While Mr. Palange is sincerely upset at the loss of contact with his daughter because of state family court rulings and the results of his divorce proceedings, the federal court does not have the authority or power to intervene. Accordingly, the Court DENIES Mr. Palange's Motion for Summary Judgment (ECF No. 71) and Motion for Declaratory Judgment. ECF No. 75. Because his proposed second Amended Complaint would be futile, the Court also DENIES his Motion to Amend his Complaint. ECF No. 64. II. BACKGROUND
The following facts are drawn from Mr. Palange's Amended Complaint, ECF No. 19, as well as relevant documents central to his claims. Watterson v. Page, 987 F.2d 1, 3 (1st Cir. 1993) (noting that when considering a motion to dismiss, a court may consider facts set out in "documents the authenticity of which are not disputed by the parties," official public records, "documents central to plaintiffs' claim," and "documents sufficiently referred to in the complaint.").

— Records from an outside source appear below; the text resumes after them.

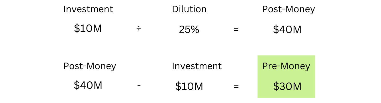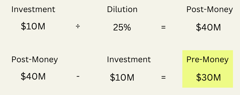 Thus, if you know the investment and dilution, you can calculate the pre-money. Let’s assume you invest $10M to own 25% of a company; the implied pre-money is $30M.
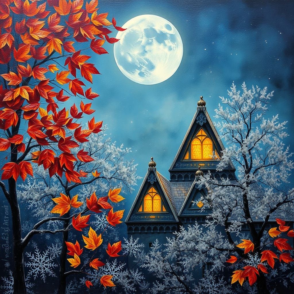 A surreal image of the autumn equinox with leaves, frost, and moon rendered in a patina art style. Organic triangles and thick oil paint evoke Gaudi and Escher.
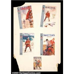 American Illustrator - Original Illustration (c.1955).A series of five preliminary drawings for a Pocket Books western.Gouache on board, image size approximately 20 x 13. Not signed. The size of the individual paperback images range from 3.5 x 2.5 to 6.5 x 4.There are corner chips to the board - upper left and lower left and right. They enter the image area noted but do not affect the paperback images. keywords: illustrator, vintage paperbacks, action, adventure, old west Important notice: Heritage usually auctions material at the rate of 200-250 lots per hour. On some occasions eBay Live bid software or the Internet may not be able to keep up with the pace of the auction. We recommend placing a realistic absentee bid now as insurance to avoid disappointment. Occasionally the auctioneer may eliminate or reject an eBay Live bid, and the auctioneer may also reopen a lot after the close of the eBay live bidding (usually because we missed an audience bid), and may reject your bid even if it shows you as the winning bidder. By bidding via eBay Live, you agree that Heritage may award the lot to another bidder at its sole discretion under the circumstances described above or any other reasonable circumstances. Also please note that all Heritage lots purchased through eBay Live carry a 20% Buyer's Premium. Please make sure you read the Terms and Conditions before you bid.

In 2013, Mr. Palange and his former wife, Defendant Margarita Palange, finalized their divorce. In 2018, Ms. Palange filed a motion seeking post-judgment relief in the form of an order, among other things, suspending Mr. Palange's parental time with the minor child they share, restraining him from contacting Ms. Palange other than by text or email, and requiring him to pay child support. The litigation was presided over by Defendant Sandra Lanni, Associate Justice of the Rhode Island Family Court. While Mr. Palange ultimately proceeded as a pro se litigant, he was initially represented by Defendant Tanya Gravel, and his wife was represented by Defendant Richard Updegrove. On May 9, 2018, Associate Justice Lanni issued an order suspending Mr. Palange's visitation with his child and restraining him from harassing or interfering with Ms. Palange. ECF No. 19-1 at 4. Various interim orders, some by consent, have since been entered, including regarding the continued suspension of his parenting time. ECF No. 58-2 at 2.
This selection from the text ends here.